In Phase III studies of beti-cel, 89% of patients across all ages and genotypes achieved transfusion independence, which means no RBC transfusions needed for at least 12 months. The FDA had already granted the drug Orphan Drug status and Breakthrough Therapy designations.
bluebird’s recently appointed CEO Andrew Obenshain sees this drug as a critical milestone for the newly independent severe genetic disease company. Just this month, bluebird spun off its oncology programs into a new business entity, dubbed 2seventy bio. 2seventy bio took with it the only FDA-approved drug bluebird had in the portfolio, as well as most of its C-suite.
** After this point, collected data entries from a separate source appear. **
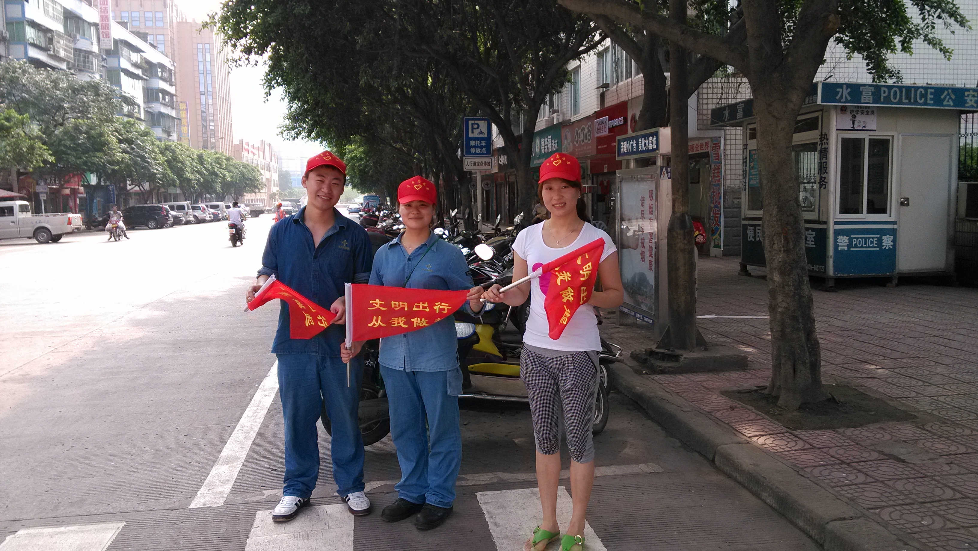 在公司员工和云天化中学放学的高峰期,我们随处可见一批统一佩戴红色青年志愿者帽子的志愿者,正手持着一面印有“文明出行、从我做起”的红色旗帜不时的劝导着一些过马路不走斑马线、未按标识牌停放车辆等不文明现象。公司的青年志愿者们用良好的精神风貌为水富县创建云南省省级文明县城和创建全国卫生县城贡献着力量。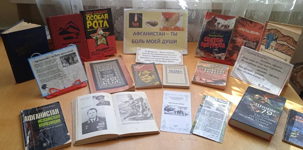 День памяти воинов-интернационалистов отмечается 15 февраля ежегодно. Именно 15 февраля 1989 года последняя колонна советских войск покинула территорию Афганистана, завершив десятилетнюю войну, которая унесла жизни более 15 тысяч советских солдат и офицеров. К Дню вывода советских войск из Афганистана в читальном зале оформлена книжная полка «Вспомним Афганистан»... |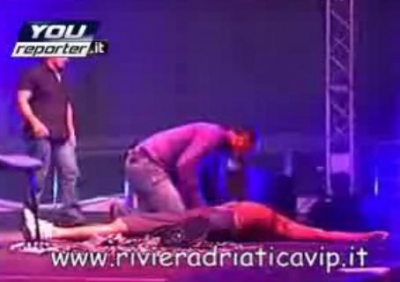 Link do filmu jest tutaj: http://www.youreporter.it/video_Malore_durante_lo_spettacolo_di_Milly_D_Abbraccio_2

Obenshain has a big job ahead of him as the company lost more than $2.5 billion in market capitalization since announcing the company split in January. He’s laser-focused on launching beti-cel for β-thalassemia in the U.S., as well as continuing to push bluebird’s gene therapy for sickle cell disease uphill. The sickle cell program had been placed on an FDA-mandated hold that was lifted this summer.
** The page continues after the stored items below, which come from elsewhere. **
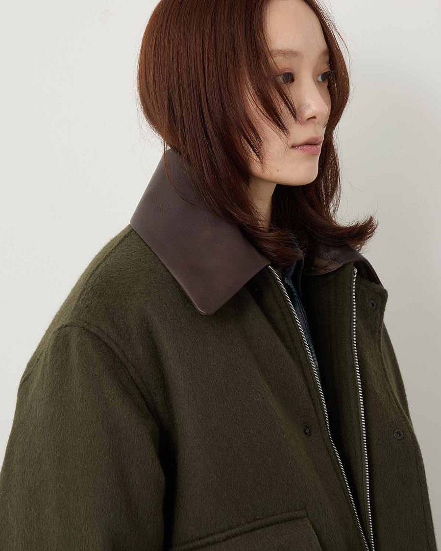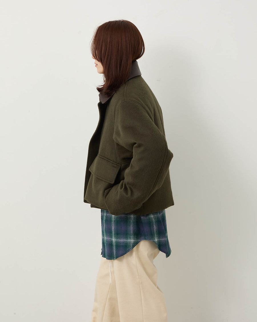 モンゴルの雄大な自然に育まれたベビーキャメルを100%使用し、丁寧に起毛加工を施したフランネル素材のショートブルゾンです。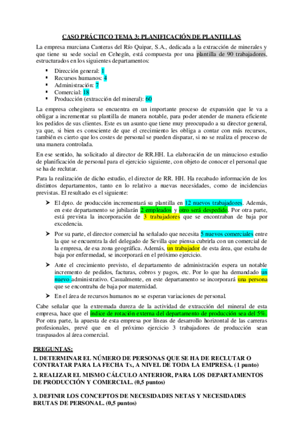 He publicado nuevos ejercicios de 3º Dirección de Recursos Humanos: Ejercicios Necesidades Netas y Productividad
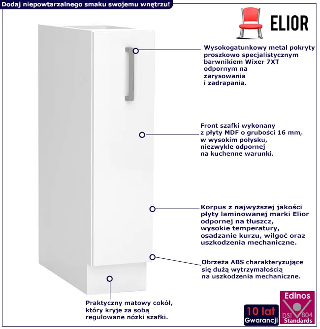 Kolekcje mebli kuchennych Elora marki Elior stworzyliśmy z dbałością o każdy szczegół, tak by wybrane przez Ciebie meble służyły Ci niezmiennie przez długie lata. Dzięki nim dodasz smaku Twojemu wnętrzu i urządzisz kuchnię swoich marzeń. Wybieraj spośród aż 27 modułów lub 2 uniwersalnych kompletów o długości 180/240 cm oraz 260 cm. Kuchnia ma służyć Ci długo, dlatego oczekujesz od niej funkcjonalności oraz trwałości. Z tego powodu każdy z białych korpusów szafek kolekcji Elora wyprodukowany został z najwyższej jakości płyty laminowanej o klasie higieny E1, niezwykle odpornej na warunki panujące w kuchni podczas gotowania. Fronty wykonano natomiast z płyty MDF o wysokim połysku, przepięknie komponującej się razem z mocnymi uchwytami stworzonymi z wysokogatunkowego metalu o wykończeniu podobnym do chromowanej stali. Do wyprodukowania kolekcji Elora wykorzystano także najwyższej jakości szkło podwójnie hartowane, niezwykle odporne na uderzenia i zarysowania w eleganckiej wersji satynowej. Każdą szufladę wzmocniono za pomocą wkładu o głębokości 40 cm typu METALBOX, co daje fantastyczny komfort w codziennym użytkowaniu. Do zestawu dołączony jest biały cokół do każdej z dolnych szafek oraz regulowane nóżki. Fronty otwierają się dzięki trwałym metalowym zawiasom, a górne szafki uchylne do góry za pomocną specjalnych, wysokiej jakości gazowych podnośników. Wybierz jakość mebli marki Elior, która zostanie z Tobą na długo i ciesz się swoją kuchnią niezmiennie, latami.

Manufacturing capability has been a lynchpin to bluebird’s winning of the FDA’s confidence. Their gene therapies are like a bespoke suit, tailored to each patient. That makes manufacturing at scale particularly challenging. Currently outsourcing its manufacturing, Obenshain said the team is looking to improve the gene therapy process by eliminating the chemo requirement of most gene therapies and moving from ex vivo cell processing to in vivo (inside the body).
Bringing gene therapies to the market is a massive undertaking. bluebird’s East Coast neighbor REGENXBIO is ready to try its hand at one-time gene therapy for Duchenne muscular dystrophy. The FDA has granted Orphan Drug Designation to RGX-202, a therapy designed to restore coding for dystrophin expression to protect muscle fibers from contraction-induced damage.
REGENXBIO has plans to submit an IND to the FDA by the end of the year. It’s already geared up its internal cGMP facility to run with the production of the drug.